March 9, 2012 – Amendment IV: The right of the people to be secure in their persons, houses, papers and effects, against unreasonable searches and seizures, shall not be violated, and no Warrants shall issue, but upon probable cause, supported by Oath or affirmation, and particularly describing the place to be searched and the persons or things to be seized. – Guest Essayist: Dr. Charles K. Rowley, General Director of The Locke Institute and Duncan Black Professor Emeritus of Economics at George Mason University

Although my assignment is to discuss the first clause of the Fourth Amendment, I cannot do so effectively without referring also to the second clause. Therefore, my Essay embraces both clauses, while focusing primary attention on the first.

Like many other areas of American law, the Fourth Amendment is rooted in English legal doctrine. Sir Edward Coke, in Semayne’s case (1604) stated: ‘The house of every one is to him as his castle and fortress, as well for his defence against injury and violence as for his repose.’  In this judgment, the Court determined that the King was not endowed with unlimited authority to intrude upon his subjects’ dwellings, while recognizing that the King’s agents were permitted to conduct searches and seizures under specified conditions, when their purpose was lawful, and when a warrant had been secured.

The 1760s witnessed a significant growth in the rate of litigation against government agents using general warrants to locate and seize materials relating to John Wilkes. Wilkes’ publications attacked vehemently not only government policies, but the King himself. The most famous of these cases was Entick v. Carrington (1765) in which Charles Pratt, 1st Earl Camden, ruled that the forcible entry by the King’s Messenger into the home of John Entick, and the search for and seizure of pamphlets and other materials under a general warrant was unlawful.  This case established the English precedent that the executive is limited by common law in intruding upon private property.

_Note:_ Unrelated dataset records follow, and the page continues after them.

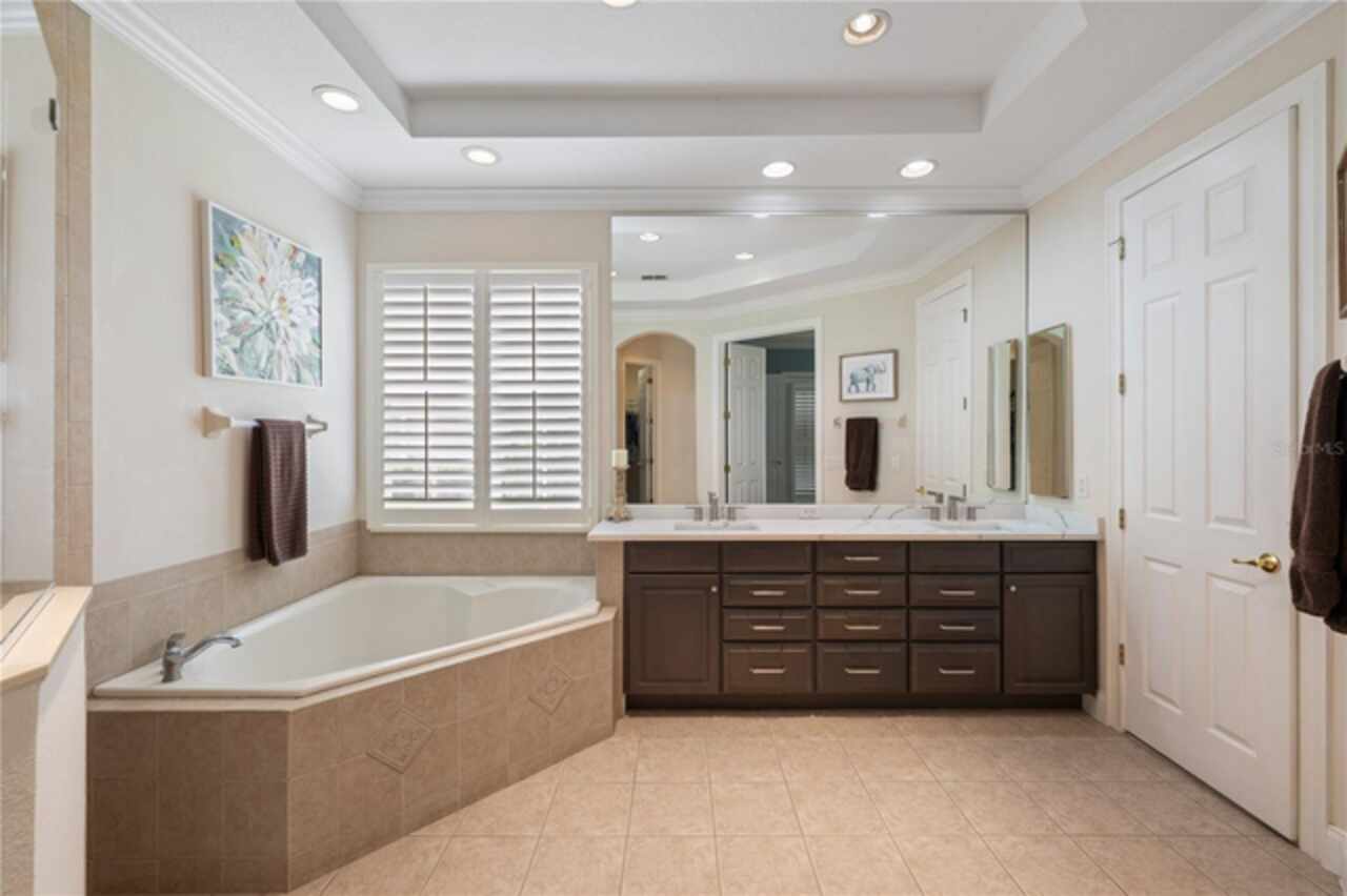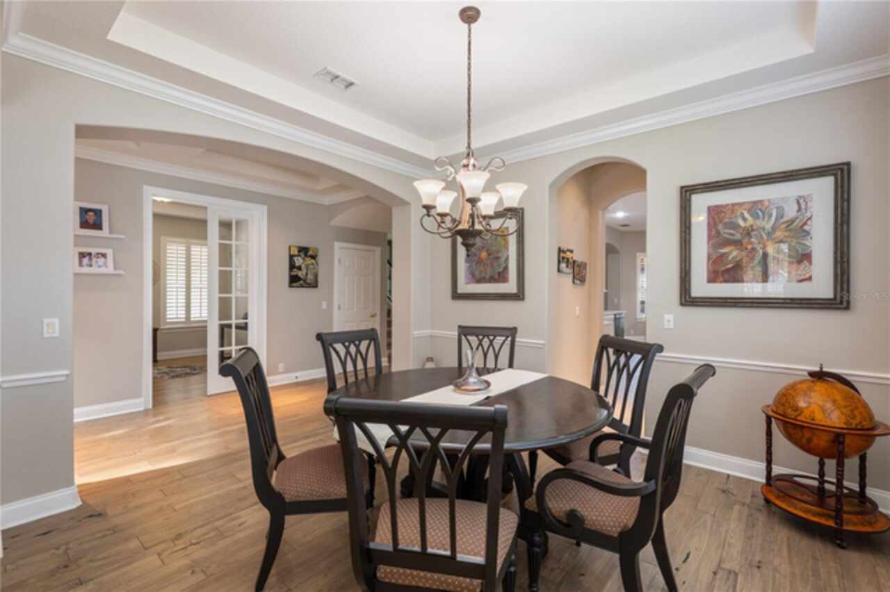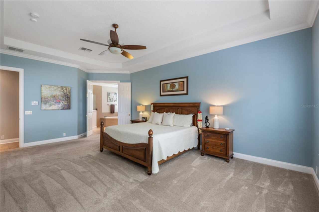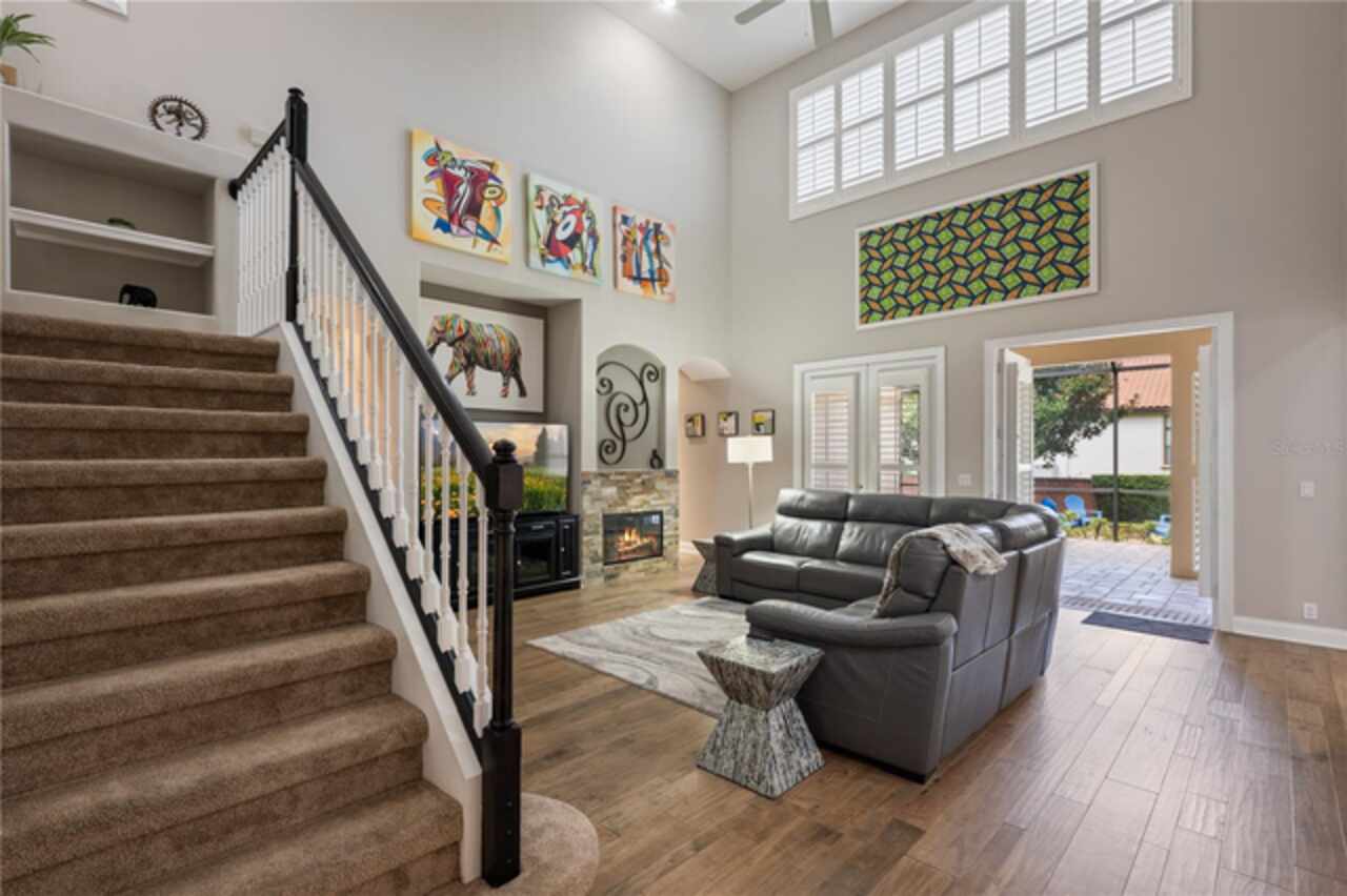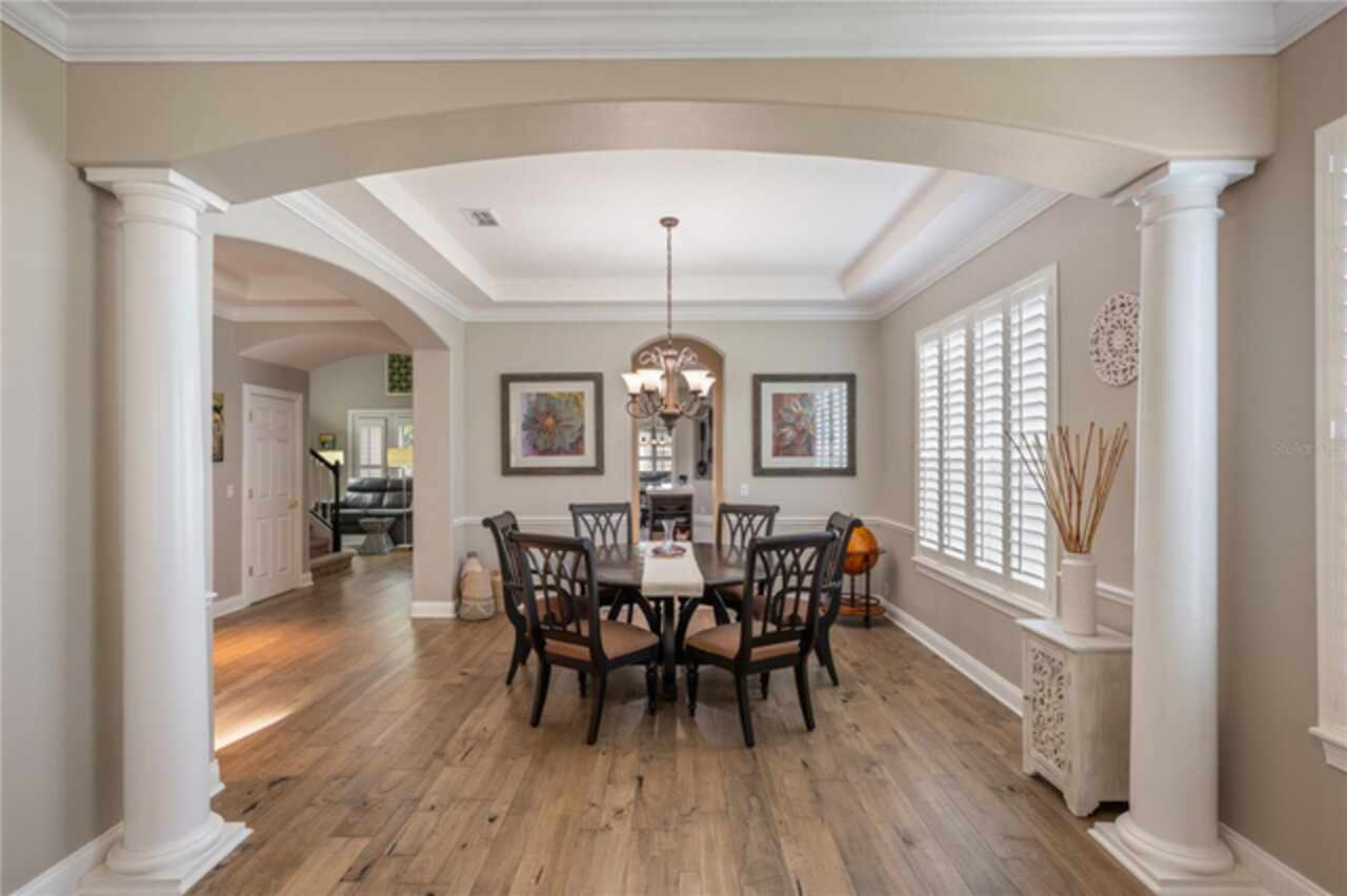 Under contract-accepting backup offers. Welcome to this beautifully maintained, original-owner home nestled within the highly sought after, guard-gated community of Keene’s Pointe. Ideally situated in the charming Village of Camden, this property sits on an oversized 0.35-acre lot, with beautiful walking paths and lush community green spaces nearby. From the moment you arrive, you’ll be captivated by the meticulously landscaped grounds, inviting front porch, and elegant glass entryway. Step inside a grand vaulted foyer bathed in natural light and anchored by rich, distressed wood flooring that flows seamlessly throughout the main living areas. Inside you will find the living room/sitting area adjoining an elegant dining room adorned with tray ceilings, crown molding, graceful pillars, and curved archways. A private home office featuring stylish glass French doors offers a quiet retreat just off the dining room. Continue through the spacious halls to the beautifully remodeled gourmet kitchen, with top-of-the-line stainless steel Bosch appliances, 36” Wolf Pro range cook top, Zephyr wine cooler, expansive quartz countertops, a generous center island, and a cozy breakfast nook with views of the lanai. The kitchen opens effortlessly into the warm and inviting family room, complete with 2-story vaulted ceiling, a wood-burning fireplace, and two sets of French doors that lead to the expansive screened-in, pavered lanai with convenient air-conditioned half bath. The spacious first floor primary suite offers its own entryway from the family room and showcases a tray ceiling, double doored primary retreat with THREE closets, oversized soaking tub and frameless glass shower. A secondary junior office/study nook is conveniently located near the laundry room, offering extra space for remote work or organization. Make your way upstairs to find a spacious open loft, three additional bedrooms and two full baths. One of the guest bedrooms features an en-suite bath and a charming window seating area—ideal for guests or multigenerational living. The oversized, fully fenced backyard offers a tranquil escape, complete with a brick privacy wall and a cozy firepit area—perfect for relaxing evenings outdoors. The extended driveway and unique configuration of separate one and two car garages provide ample space for parking and storage, both garages feature updated LED lighting and epoxy flooring. Enjoy the peaceful lifestyle that the Village of Camden and this exceptional home provide. As a resident of Keene’s Pointe, you’ll also have the option to join The Golden Bear Club, featuring tennis, dining, and the renown Jack Nicklaus Signature Golf Course. NEW Roof in 2018, Wood floors 2021, Both ACS New 2021, Garage epoxy floors 2025, Exterior Paint 2021. See feature sheet for more details.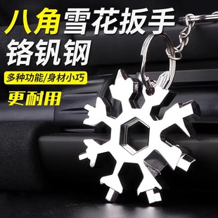 多功能雪花扳手八角小板手不锈钢万能工具梅花内六角便携式 钥匙扣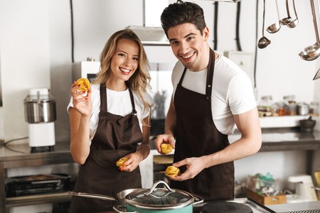 Smiling chefs couple dressed in aprons cooking together at the kitchen, preparing pasta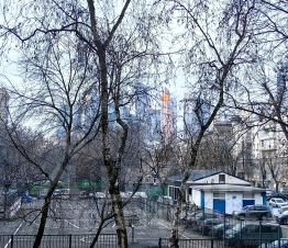 Вид из окон зала, светлой спальной и кухни - во двор, а из спальни с серой кроватью с застекленной лоджией - на ТЦ Европейский.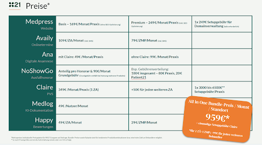 Mindestvertraglaufzeit Claire PVS zwei Jahre, alle anderen Applikationen ein Jahr. Preistabelle Stand März 2026 (Preise werden sich über die Zeit erhöhen. Momentan noch Go To Market Preise. )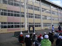 2月16日(金)さわやかタイム終了後、卒業まで約1ヶ月となり、6年生が毎日行ってきた国旗掲揚の仕事を5年生に引き継ぐ、「国旗当番引継ぎ式」が行われました。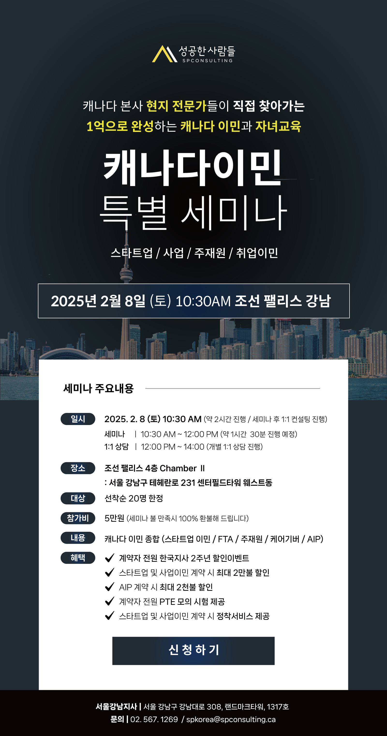 ☎️문의 : 전화 : 02 567 1269 / 이메일 : spkorea@spconsulting.ca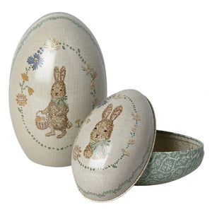 Just think of the sweet Easter treats you could hide inside this set of two eggs! The Maileg Metal Easter Eggs in Green come in a set of two beautifully decorated, hollow eggs, each of which opens up to reveal whatever you've popped inside as a surprise - a Big Sister Mouse in the large egg and a Little Brother Mouse in the small egg, or maybe a little soft chick, a choccie, a wooden bilby toy? Use them as hunting eggs or as a beautiful decorative display. You will receive two eggs, the smaller of which fits inside the larger, both decorated with a print of Dorthe Mailil's personal embroidery. The larger egg has a flat base so it can stand up.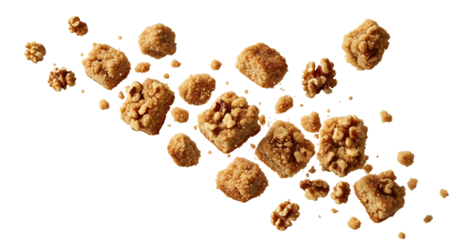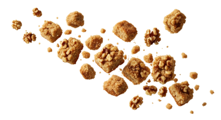 Elevated walnut squares dance against a stark backdrop, a delightful confectionary ballet, capturing an ethereal moment of culinary levitation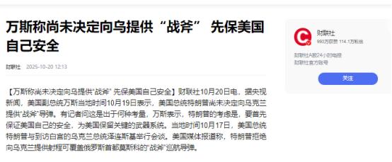 美国副总统宣布了! 10月20日,美国副总统万斯表示,美国总统特朗普尚未决定向乌克兰提供“战斧”导弹,万斯还强调特朗普的考虑是要首先保证美国自己的安全,为美国保留关键的武器系统。 这一消息让乌克兰的“战斧”导弹期待再次落空。 美国的“战斧”导弹是一种亚音速远程巡航导弹,最大射程超过2000公里,既能从舰艇和潜艇发射,也有陆基型号。 它曾在海湾战争、阿富汗战争等多次军事行动中亮相,平均命中率高达80%,是美国军事威慑的重要武器。 然而美国目前的“战斧”导弹库存虽然有大约4150枚,但自2022年以来,五角大楼仅采购了200枚,其中120多枚已经被发射。 在2026年预算中,五角大楼申请的相关资金只够采购57枚“战斧”。而且,“战斧”导弹的生产周期较长,即便是已经和美国签了合同的买家,比如德国,也得等上一年半才能收货。 很明显美国政府的算盘打得很精,一方面,特朗普认为美国也需要“战斧”导弹来保证自身安全。近年来,亚太地区的局势日益复杂,美国在该地区的军事部署需要大量的先进武器。如果将大量“战斧”导弹提供给乌克兰,可能会削弱美国在亚太地区的战略威慑能力。 另一方面,美国政府担心向乌克兰提供“战斧”导弹会引发俄罗斯的强烈反应,导致美俄关系进一步恶化。俄罗斯总统普京已经多次警告,如果美国向乌克兰提供“战斧”导弹,将损害俄美关系以及和平进程向前推进的机会。 对于乌克兰来说,“战斧”导弹的吸引力不言而喻。目前,乌克兰主要依靠国产远程无人机打击俄罗斯纵深目标,但这些无人机只能携带几十公斤的爆炸物,威力有限。如果乌克兰获得“战斧”导弹,就可以打击到莫斯科、圣彼得堡等俄罗斯境内的重要目标,显著增加俄防空系统的压力,从而在未来谈判中拥有更多筹码。 不过,乌克兰想要获得“战斧”导弹并非易事。即便美国决定提供,数量也会非常有限。美国智库新美国安全中心国防项目主任斯泰西·佩蒂约翰分析认为,美国只能向乌克兰供应20至50枚“战斧”。而要达到战略效果,乌军需要以每月至少100枚的持续波次发射“战斧”。 此外,俄罗斯也并非没有应对之策。2018年,叙利亚曾将两枚未引爆的“战斧”导弹移交给俄罗斯,这为俄方深入了解“战斧”的相关技术提供了可能性。 从国际局势来看,美国向乌克兰提供“战斧”导弹的决定还受到北约内部的影响。虽然北约成员国在对乌军事援助上总体保持一致,但各国的具体情况和利益诉求并不相同。一些国家担心过度卷入俄乌冲突会给自己带来安全风险和经济负担。 在国内政治方面,美国政府的“停摆”也对国防事务产生了影响。10月20日,负责美国核武器储存管理的关键机构——美国能源部下属的美国国家核安全管理局开始让大部分员工强制休假。这是该机构自成立以来首次遭遇此类情况。政府“停摆”导致资金中断,可能会影响到包括“战斧”导弹在内的武器生产和维护。 总的来说特朗普政府在是否向乌克兰提供“战斧”导弹的问题上陷入了两难境地。提供“战斧”导弹可能会在一定程度上增强乌克兰的军事实力,但也会带来一系列的风险和挑战。不提供“战斧”导弹,又可能会影响美国在国际社会的形象和对盟友的支持力度。最终的决定,还需要综合考虑美国的国家安全、战略利益、国内政治以及国际局势等多方面因素。 来源:财联社 【万斯称尚未决定向鸟提供“战斧”先保美国自己安全】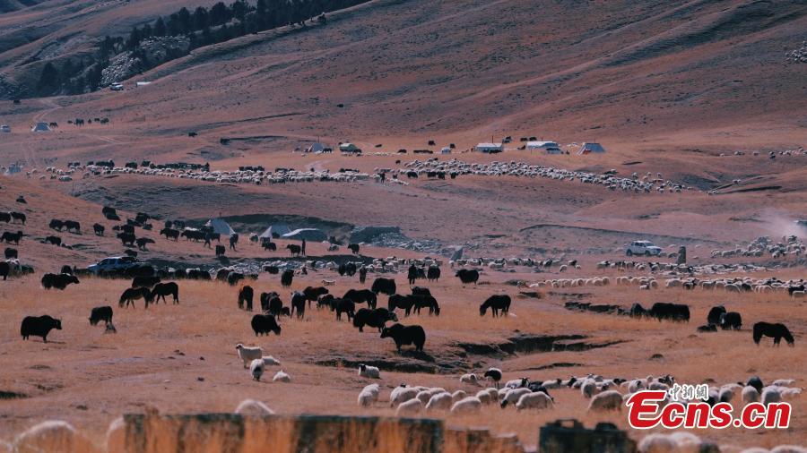 Herders drive livestock on the way to winter pastures in Dulan County, Haixi Mongolian-Tibetan autonomous prefecture, northwest China's Qinghai Province, Nov. 2, 2022. (Photo: China News Service/Xian Gong)

Unlike other provisions in the ‘Bill of Rights’, however, the Fourth Amendment was grounded mainly in American colonial experience, rather than in English history.  In order to stem rampant smuggling by tariff-evading colonialists, the British parliament had conferred vast powers of search on British customs officials.  The Writ of Assistance was a general search warrant granting such officials virtually unlimited discretion to search, and was valid throughout the lifetime of a sovereign. Casting its net widely, such a writ required neither ‘probable cause’, nor any description of persons or premises, nor even a magistrate’s authorization of a particular search. The arbitrary nature and capricious application of this writ enraged many colonialists and drove post-revolutionary arguments in favor of the Fourth Amendment (Jacob Landynski, ‘Fourth Amendment’, The Oxford Companion To The Supreme Court Of The United States. Edited by Kermit L. Hall, Oxford University Press, 1992).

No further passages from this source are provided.